Monday, February 13, 2006

Nesting.

Some days, I walk around for half the day before I know what I'll write here. Today, after my class, after my lunch break, after my office hours, I walked from my office house to the village post office. As I stepped from a college road onto one of our gravel paths, I looked up at the trees that flank that junction of asphalt and gravel. In the spring, these trees are usually glorious. I am, as you know, full of low-level dread that our rapid-cycling weather will disrupt that glory, come May. The trees look as though they've developed some kind of growth that they shouldn't have and that they've already lost, to some extent--their berries are present already (surely too soon?), and they're desiccated, freeze-dried.

One of these trees has a low-hanging branch that often hits me in the face, because some people never learn. Today, I managed to dodge the branch, and as I looked over my right shoulder, I noticed the birds' nest just above my head in one of the other trees. "Nesting," I thought. Nesting: the word came across my brain like one of the weird hallucinations De Quincey has in that text we're still reading in one of my courses. I spent the rest of the day hoping to pick up scraps and bits, twigs and grasses and small pieces of cloth and maybe even a shiny thing or two, with which to construct a snug and stylish little resting-place for your thoughts.

Things haven't quite worked out that way, because my desires to indulge my meditative impulses never quite work out that way. Perhaps "meditative impulses," as a phrase, captures the oxymoronic nature of these desires. And so I'm afraid that this piece might itself be one of those tantalizingly unfinished scraps, a group of twigs you might tuck into some crevice in some branch, in the hopes that you'll be able to make something of it later. It also might not be a real loss if you forget where you left it.

I have long thought that cardinals were kind of prosaic birds. They're the state bird for my state and every state around here. I've just seen them everywhere for so long that I've stopped seeing them. But one thing I have to hand cardinals: they have a terrific song. The cardinal is the bird that sounds as though it's saying "birdie! birdie! birdie!" If you go to the cardinal page at Cornell's All About Birds and listen to the recording of cardinals' songs, you'll hear what I mean.

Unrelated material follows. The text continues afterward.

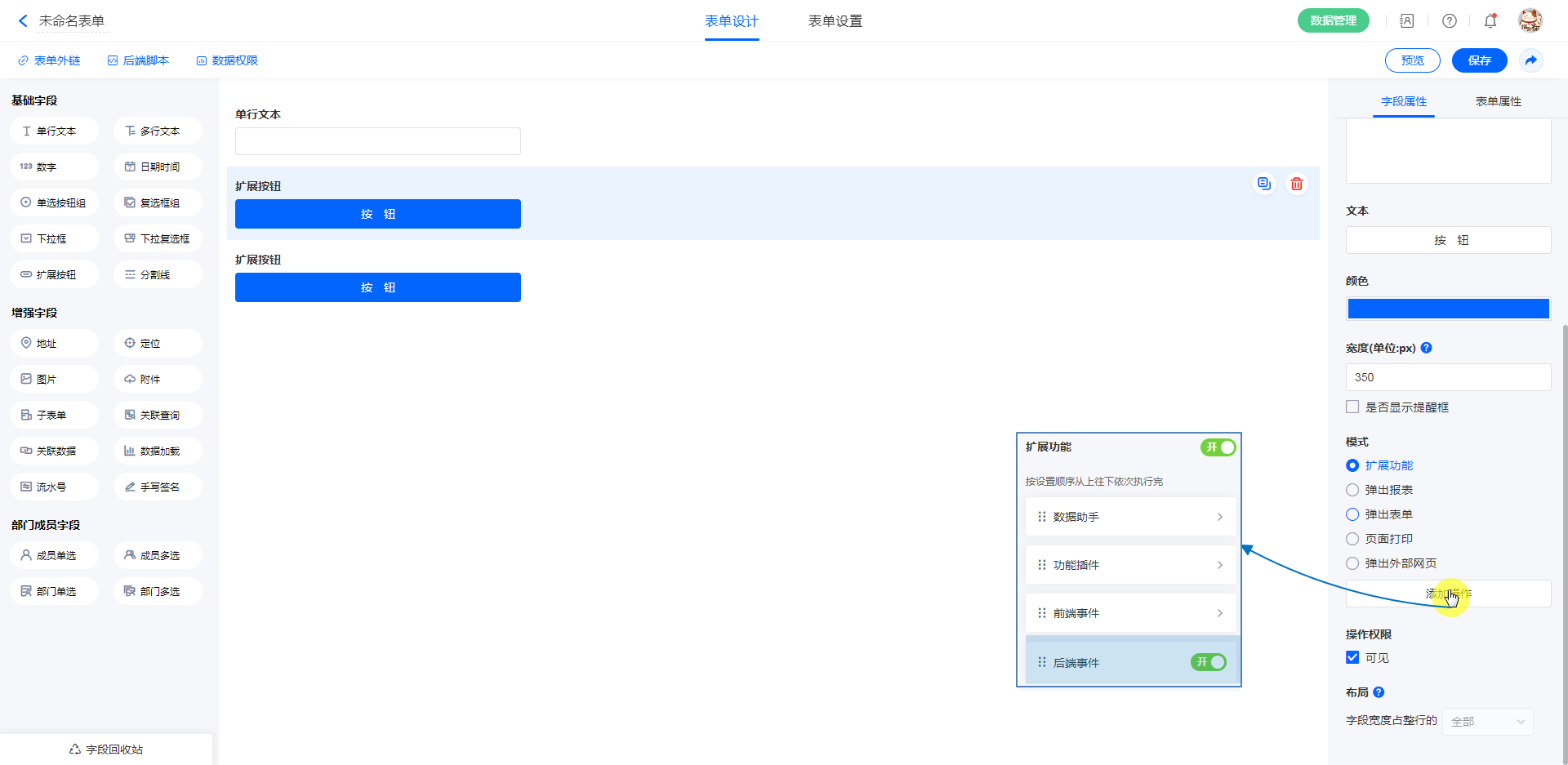 后端开发是扩展按钮基本功能之一,设置扩展按钮的属性为后端开发后,在点击扩展按钮后,会触发当前应用后端代码中_formevent事件,为表单的扩展性提供无限支持。

I bring up cardinals because last year, some cardinals flirted with the idea of building a nest in the tangle of grapevine and weeds occupying the corner of the dilapidated greenhouse behind my garage. This tangle is readily visible from the patio door in my kitchen, and if I stood very, very still, I could watch the birds making reconaissance missions into the thick of the vines. Not so long ago, my landlord took out some aggression on the rampant vegetation around my garage: he absolutely decimated one of the holly trees outside the house, and he cut the grapevine back to short stumps. The birds have popped in a few times in the past couple of weeks to scope the scene and decide on its feasibility. As I was doing dishes on Saturday, I looked over my left shoulder and saw a bird just sitting among those vine stumps, looking around.

I want so much to make some significant remark about nesting, both literally and figuratively, and yet I'm suddenly debilitatingly tired. Perhaps my efforts to institute a reasonable bedtime for myself are, in fact, paying off. Perhaps whatever sugar high I derived from the food I fed my seminarians, in honor of tomorrow's holiday, has just fallen away. Perhaps the hot milk, my sleep aid of choice, has simply done its work. Whatever's doing it, I'm rapidly losing my ability to focus on any kind of nesting but that which involves my getting further (and warmer) under these covers. I'll reemerge and we'll resume tomorrow.

source for today's image: Cornell's online collection of images from the Hill Collection of bird books (this nest was taken 19 May 1879, according to the text that accompanies its image).

1 Comments:

Anonymous Anonymous said...

I always freak myself out when I want to write really well about something... its sooooo annoying.